Both Sens. Feinstein and Kerry said they were frustrated with Peake's position.
"The Department of Veterans Affairs should provide voter materials to veterans," Feinstein said. "I believe the cost of providing these voter materials is minimal. It's a small price to pay for the sacrifice these men and women have made in fighting for our nation's freedom. I am disappointed."
"You'd think that when so many people give speeches about keeping faith with our veterans, the least the government would do is protect their right to vote, after they volunteered to go thousands of miles from home to fight and give that right to others," Kerry said. "And yet we've seen the government itself block veterans from registering to vote in VA facilities, without any legal basis or rational explanation.
"I will keep fighting with Sen. Feinstein to ensure that veterans aren't facing unnecessary hurdles just to exercise their voting rights."
Peake's letter was the latest response to a year-old request by Kerry and Feinstein to give veterans using VA facilities the opportunity to register to vote, just as people who apply for a driver's license are given that chance at state motor vehicle agencies. Veterans who have not previously registered, as well as registered voters who move, must reregister with new addresses in order to vote. By not helping the injured veterans to do so, it is likely that former soldiers seeking care at VA facilities will lose their right to vote in 2008.
The secretary's letter explained the decision by citing ongoing litigation where a federal court recently "found that the VA's restriction on partisan political activities in VA facilities... does not on its face violate the First Amendment" rights of veterans.

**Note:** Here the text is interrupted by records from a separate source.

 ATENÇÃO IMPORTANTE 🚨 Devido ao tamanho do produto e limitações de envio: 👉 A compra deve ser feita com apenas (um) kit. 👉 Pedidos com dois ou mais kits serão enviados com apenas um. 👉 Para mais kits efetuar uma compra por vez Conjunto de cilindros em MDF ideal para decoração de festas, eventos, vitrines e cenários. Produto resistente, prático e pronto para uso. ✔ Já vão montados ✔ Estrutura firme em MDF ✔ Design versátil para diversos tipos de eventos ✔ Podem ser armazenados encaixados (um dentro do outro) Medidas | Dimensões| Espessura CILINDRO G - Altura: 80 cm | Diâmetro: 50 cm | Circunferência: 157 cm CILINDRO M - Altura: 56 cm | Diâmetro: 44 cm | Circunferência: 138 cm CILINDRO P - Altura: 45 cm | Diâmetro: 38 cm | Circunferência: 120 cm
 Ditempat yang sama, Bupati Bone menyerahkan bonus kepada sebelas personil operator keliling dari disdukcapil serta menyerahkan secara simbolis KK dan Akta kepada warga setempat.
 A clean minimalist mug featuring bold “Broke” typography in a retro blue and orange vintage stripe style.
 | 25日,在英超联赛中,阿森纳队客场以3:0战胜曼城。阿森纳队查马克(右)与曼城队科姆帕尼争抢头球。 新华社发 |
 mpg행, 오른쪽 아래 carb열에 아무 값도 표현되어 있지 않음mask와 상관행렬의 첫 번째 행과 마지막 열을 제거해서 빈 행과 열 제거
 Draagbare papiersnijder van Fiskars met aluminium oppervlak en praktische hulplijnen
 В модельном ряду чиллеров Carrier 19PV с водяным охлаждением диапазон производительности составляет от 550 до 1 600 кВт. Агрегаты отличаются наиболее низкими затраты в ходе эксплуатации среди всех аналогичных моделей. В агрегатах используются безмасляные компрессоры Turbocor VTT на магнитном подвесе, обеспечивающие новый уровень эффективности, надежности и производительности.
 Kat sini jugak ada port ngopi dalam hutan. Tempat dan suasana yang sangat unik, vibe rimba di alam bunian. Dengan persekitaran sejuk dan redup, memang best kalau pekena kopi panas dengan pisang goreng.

Peake also said the VA was "considering" the issue for future departmental action, telling the two senators, "VA shares your commitment to assisting veterans in exercising their constitutional right to vote."
While Senate staffers were studying Peake's letter for ways to keep pressing the issue, the letter brought swift condemnation from veterans' advocates.
Veterans advocates dismayed
"During a time of war, our nation has a special and sacred duty to assist our fellow citizens who have defended our Constitution with their lives -- our military veterans -- with registering to vote and with voting," said Paul Sullivan, Veterans for Common Sense executive director. "We encourage VA to allow nonpartisan voter registration drives at VA facilities so that as many veterans as possible can actively participate in our democracy -- we owe our veterans no less for standing between a bullet and our Constitution."
Sullivan said that third-party groups could help the VA with voter registration.
"Reasonable steps should be taken by VA and nonpartisan voter registration groups so that such activities do not interfere with the delivery of services, while at the same time protecting our veterans' rights to register and to vote," he said. "Hopefully, in 2008, America will see record voter registration and voter turnout, especially from our veterans, and most especially from our wounded, injured, ill and disabled veterans in VA facilities."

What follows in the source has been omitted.